Lori Courtney quoted in FX Week on Senior FX Departures

Senior FX departures highlight changing market structure

Author: Robert Mackenzie Smith

Source: FX Week | 02 May 2014

Issues ranging from low volatility, benchmark investigations to regulatory change have led to senior participants leaving the market either temporarily or permanently

The recent global departures at the very top of the foreign exchange industry represent a growing trend that is likely to continue this year, as low volatility, decreased client activity and increased compliance duties have irreversibly changed the roles of senior positions at banks, say market participants.

Since the turn of the year, FX Week has reported on 11 departures unconnected with the current FX benchmark investigations, nine of which have been global desk heads at different banks with decades of experience, including Deutsche Bank, Citi and Goldman Sachs (see list below).

One market participant connected with several major banks in London feels the evolution of responsibilities in the years since the financial crisis has made the top jobs at banks less and less desirable.

“Pre-2008, if we had seen this many senior people leave the market, then it would have been a disaster. But with the way the markets are now, it has less of an impact. The role of a global head in FX has now completely changed from what it was a while ago. Whereas before, the head of a business might have been much closer to the coal face of what was going on, nowadays a minimum of two hours a day is just spent on supervisory requirements. This is not what people aspire to,” he says.

Following the financial crisis, there have been spells of increased volatility and market volume, but since the summer of last year volumes have dropped off significantly, with many traders likening normally high-volume periods to holiday trading days. In its recent first quarter report, Deutsche Bank noted that FX revenues “were significantly lower than the prior year quarter due to lower client activity reflecting lower volatility and [a] challenging trading environment.”

Lori Courtney, president at recruitment firm Artemis Consulting in New York, says that as a result of lower revenues in FX, banks are continuing to assess the value of their senior staff.

“Banks are looking at their businesses and wondering whether they need all these senior managers and how they can adapt.

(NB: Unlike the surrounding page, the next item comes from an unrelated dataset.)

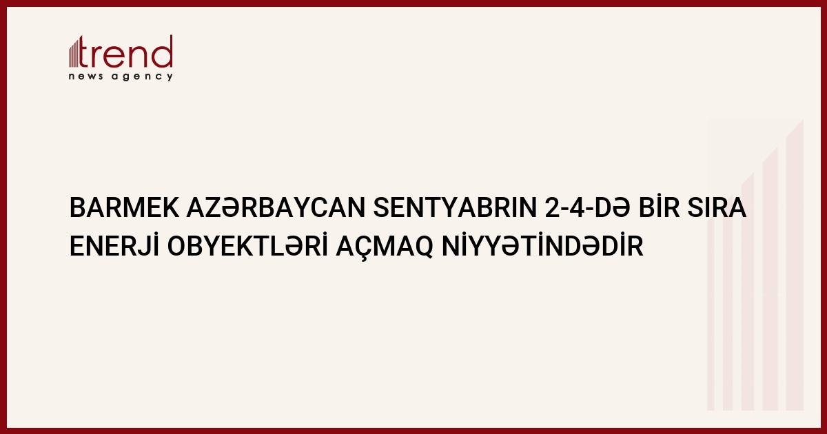 Barmek Azərbaycan (Bakı və Sumqayıt enerji paylayıcılarının operatoru) sentyabrın 2-4-də bir sıra enerji obyektlərini açmaq niyyətindədir. Bu barədə Trend ə şirkətdə bildirilib.
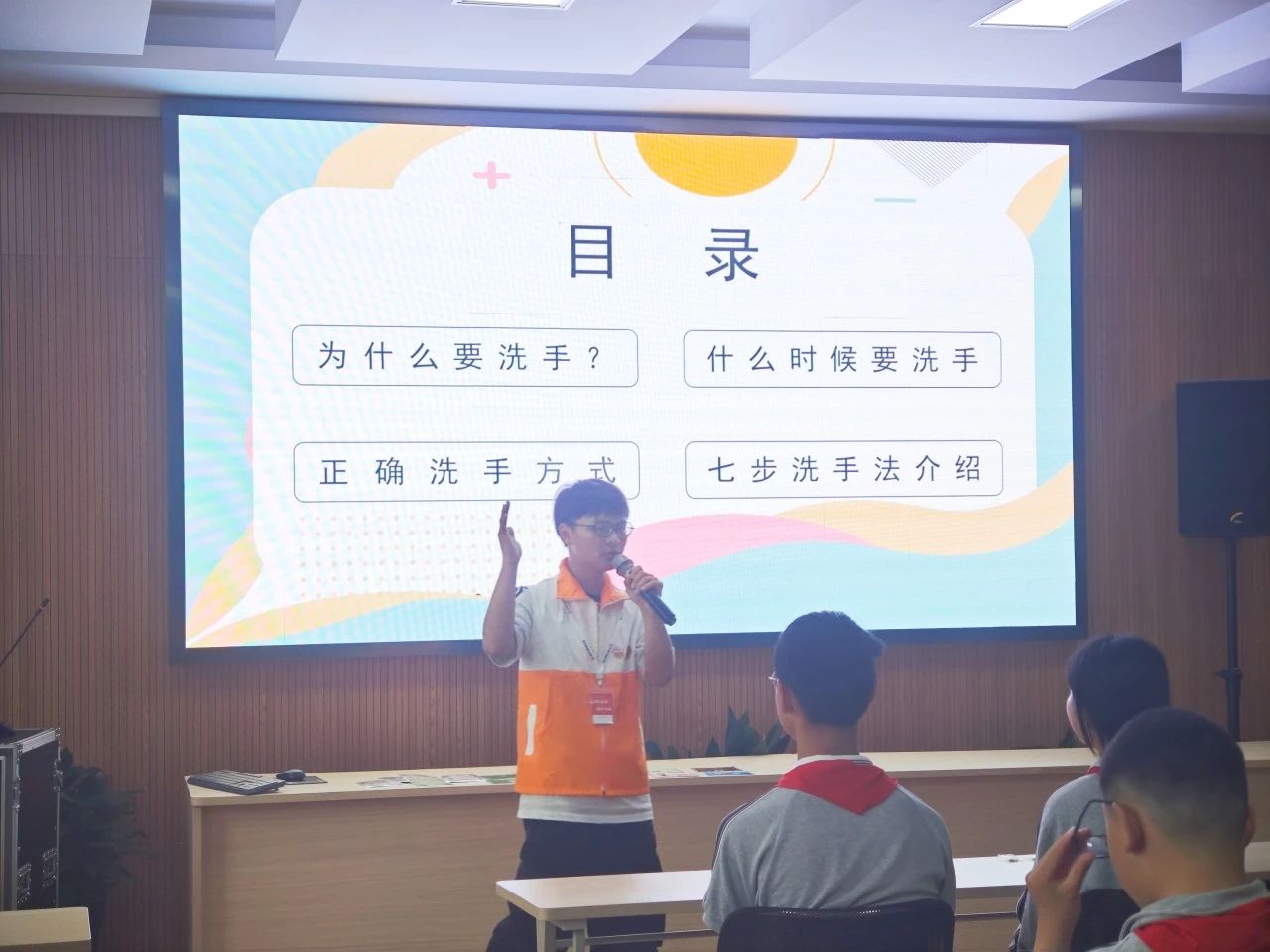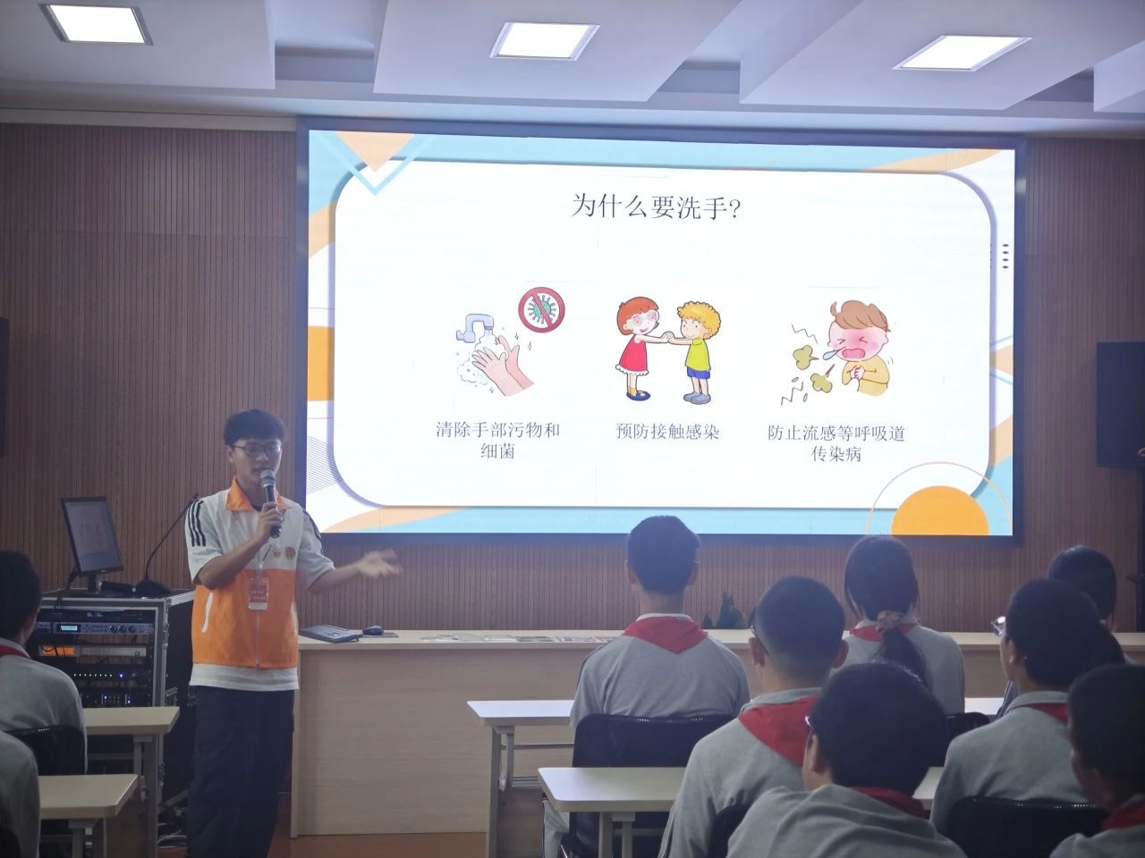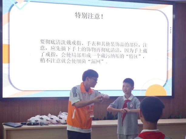 最后,志愿者们为同学们表演了洗手操,以节目的形式展示了洗手的正确步骤,并鼓励同学们跟随志愿者的动作一起摆动双手。

If this year continues to go the way it is, then how are they going to pay everybody? Even if volatility comes back, many of the changes in the market will be permanent,” she says.

Courtney adds that a mix of low volumes, low volatility, the benchmark investigation, regulatory changes and economic conditions have also led to a “perfect storm, which has removed the real-money-generating activity out of the market”. Her pessimism is shared by other participants, who believe there needs to be a changing of the guard at the top before the industry can begin to recover.

“FX is broken and no-one knows how to fix it – volatility is low, liquidity is nil, budgets will not be met and senior people are getting laid off. FX will be like equities but maybe salaries will be lower, and morale will not be repaired until all the old people are gone and replaced by totally new people. FX is in trouble,” says one.